Whereas the generalized model offers great opportunities for automated processing there remain limitations. The amount of data used for the general model is still limited and might be biased towards the set of proteins used for the initial training. The general model is also not able to distinguish between intact and dissociated or fragmented particles in the same sample. This requires additional training to fine-tune the general model with particles manually picked from a few micrographs. A drawback is that this requires manual intervention and is therefore not suitable for automated processing. A better strategy is to automatically fine-tune the general model based on 2D classification, where particles representing similar views are grouped together, aligned and averaged.

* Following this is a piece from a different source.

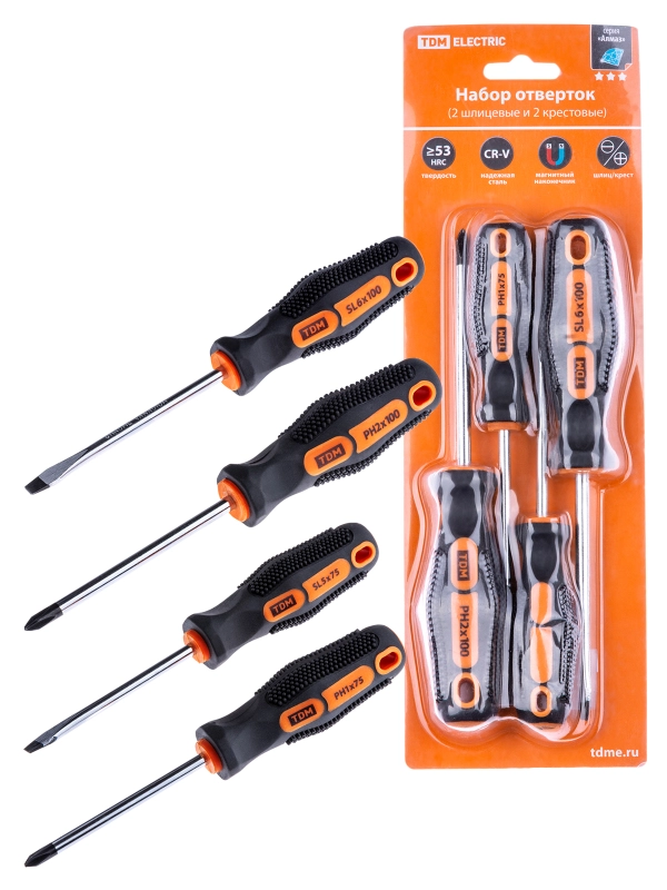 Набор отверток 4 шт.: SL5х75, SL6х100, PH1х75, PH2х100 (блистер), CR-V "Алмаз" TDM

During 2D classification, broken particles will be separated from intact particles. The latter ones will then be used to train a crYOLO model or fine-tune the general model.

Optimally, a fully automated pipeline would also include a deep-learning-based 2D class selection tool. Our group is currently developing such software, that we call Cinderella. While it is still under development, it is already publicly available and successfully integrated in SPHIRE28. Cinderella provides a pretrained general model and is able to separate 2D classes into good and bad classes.

In the future, a combination of Cinderella and crYOLO will allow automated feedback loops to improve the picking quality in an iterative manner. With these tools at hand, we believe that real-time automated processing even for challenging data sets is in reach.